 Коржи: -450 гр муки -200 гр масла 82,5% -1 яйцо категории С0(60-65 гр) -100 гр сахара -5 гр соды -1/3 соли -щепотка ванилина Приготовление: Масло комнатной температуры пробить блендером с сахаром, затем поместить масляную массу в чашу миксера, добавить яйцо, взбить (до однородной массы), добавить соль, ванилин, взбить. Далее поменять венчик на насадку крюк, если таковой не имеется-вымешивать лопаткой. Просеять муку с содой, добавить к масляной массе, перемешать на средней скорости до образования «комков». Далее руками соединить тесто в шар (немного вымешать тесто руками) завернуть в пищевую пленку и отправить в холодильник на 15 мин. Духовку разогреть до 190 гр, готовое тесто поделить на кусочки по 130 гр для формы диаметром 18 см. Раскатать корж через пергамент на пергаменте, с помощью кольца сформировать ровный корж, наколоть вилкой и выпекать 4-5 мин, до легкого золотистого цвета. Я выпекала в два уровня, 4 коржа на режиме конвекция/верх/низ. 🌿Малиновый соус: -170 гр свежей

- - - -

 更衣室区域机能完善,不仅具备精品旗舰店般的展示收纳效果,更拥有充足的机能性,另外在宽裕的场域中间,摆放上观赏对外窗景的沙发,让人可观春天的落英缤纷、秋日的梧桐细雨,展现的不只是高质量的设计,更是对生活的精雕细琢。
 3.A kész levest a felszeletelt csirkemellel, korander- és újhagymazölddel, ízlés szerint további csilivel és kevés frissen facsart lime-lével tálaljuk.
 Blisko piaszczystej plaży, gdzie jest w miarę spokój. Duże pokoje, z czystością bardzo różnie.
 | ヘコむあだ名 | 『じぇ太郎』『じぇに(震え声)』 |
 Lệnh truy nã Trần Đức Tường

- - - -

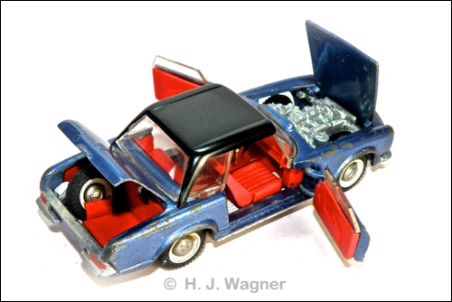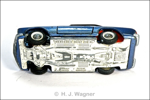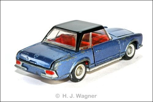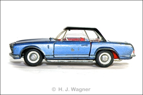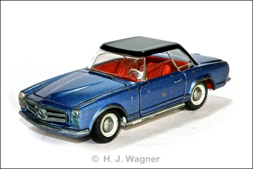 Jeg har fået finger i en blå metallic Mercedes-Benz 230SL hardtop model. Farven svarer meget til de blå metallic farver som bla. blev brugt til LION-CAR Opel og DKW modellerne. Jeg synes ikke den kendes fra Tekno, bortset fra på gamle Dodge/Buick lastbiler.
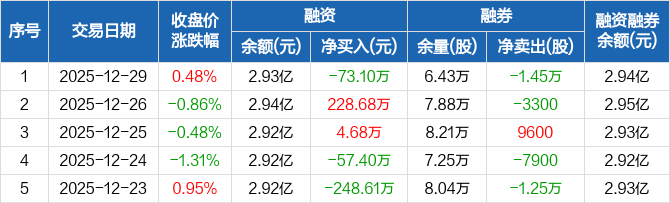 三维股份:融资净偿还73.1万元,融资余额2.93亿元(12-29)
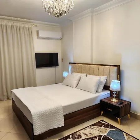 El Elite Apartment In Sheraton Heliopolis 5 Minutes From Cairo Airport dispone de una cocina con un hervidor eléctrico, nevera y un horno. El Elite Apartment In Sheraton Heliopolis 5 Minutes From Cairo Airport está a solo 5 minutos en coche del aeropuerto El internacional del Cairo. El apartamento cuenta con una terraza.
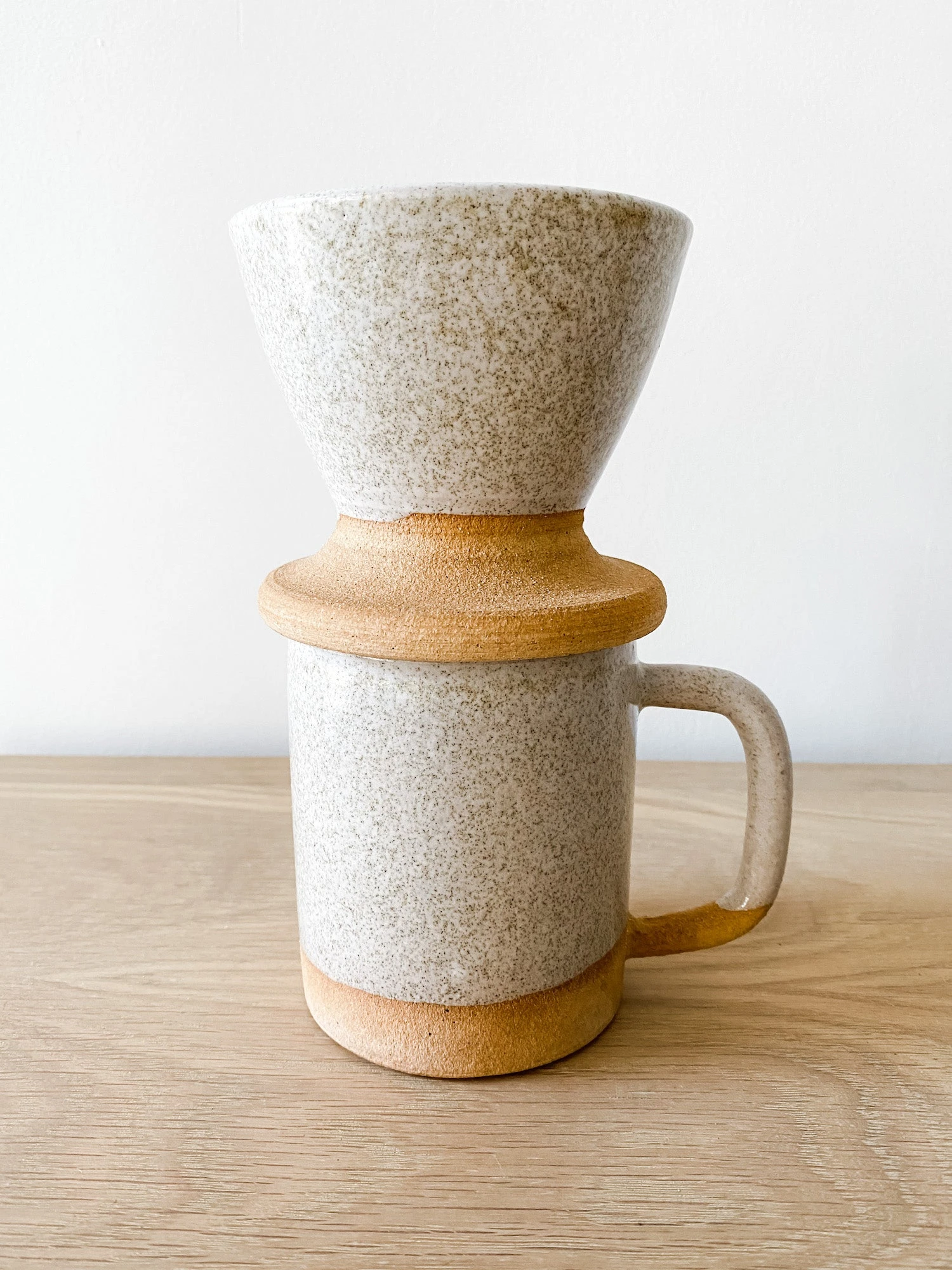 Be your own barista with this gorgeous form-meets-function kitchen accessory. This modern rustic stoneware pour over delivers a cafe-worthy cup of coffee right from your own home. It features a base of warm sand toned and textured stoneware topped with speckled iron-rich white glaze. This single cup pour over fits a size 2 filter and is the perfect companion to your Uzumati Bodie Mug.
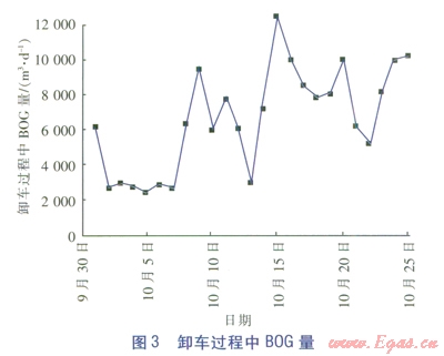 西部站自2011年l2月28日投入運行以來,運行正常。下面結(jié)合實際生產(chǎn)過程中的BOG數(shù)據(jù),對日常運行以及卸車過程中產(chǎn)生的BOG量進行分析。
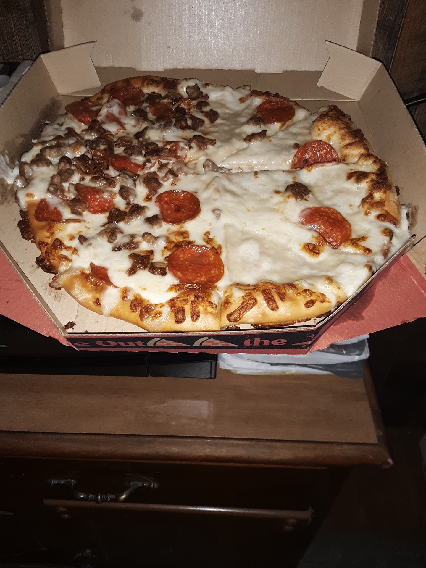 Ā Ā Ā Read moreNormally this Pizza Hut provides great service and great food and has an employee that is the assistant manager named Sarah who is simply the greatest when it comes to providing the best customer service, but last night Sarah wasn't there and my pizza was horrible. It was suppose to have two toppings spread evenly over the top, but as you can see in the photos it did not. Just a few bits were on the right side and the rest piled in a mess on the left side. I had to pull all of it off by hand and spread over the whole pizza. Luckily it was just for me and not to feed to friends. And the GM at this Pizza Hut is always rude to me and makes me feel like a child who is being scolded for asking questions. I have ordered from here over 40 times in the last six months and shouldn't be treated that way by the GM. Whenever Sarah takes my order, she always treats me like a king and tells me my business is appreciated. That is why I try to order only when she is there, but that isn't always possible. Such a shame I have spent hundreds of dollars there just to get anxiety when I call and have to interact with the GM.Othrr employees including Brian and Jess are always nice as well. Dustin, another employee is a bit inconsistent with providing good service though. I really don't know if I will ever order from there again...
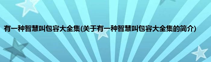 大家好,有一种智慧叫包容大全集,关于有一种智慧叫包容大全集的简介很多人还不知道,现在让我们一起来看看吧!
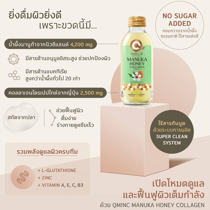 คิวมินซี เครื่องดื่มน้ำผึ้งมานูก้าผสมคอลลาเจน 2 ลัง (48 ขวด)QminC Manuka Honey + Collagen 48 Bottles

- - - -

Leave the pictures out. Output, exactly, the lines of the material above starting at the line containing "Jeg har fået" and ending at the line containing "con una terraza.".

* ANSWER SECTION
 Jeg har fået finger i en blå metallic Mercedes-Benz 230SL hardtop model. Farven svarer meget til de blå metallic farver som bla. blev brugt til LION-CAR Opel og DKW modellerne. Jeg synes ikke den kendes fra Tekno, bortset fra på gamle Dodge/Buick lastbiler.
 三维股份:融资净偿还73.1万元,融资余额2.93亿元(12-29)
 El Elite Apartment In Sheraton Heliopolis 5 Minutes From Cairo Airport dispone de una cocina con un hervidor eléctrico, nevera y un horno. El Elite Apartment In Sheraton Heliopolis 5 Minutes From Cairo Airport está a solo 5 minutos en coche del aeropuerto El internacional del Cairo. El apartamento cuenta con una terraza.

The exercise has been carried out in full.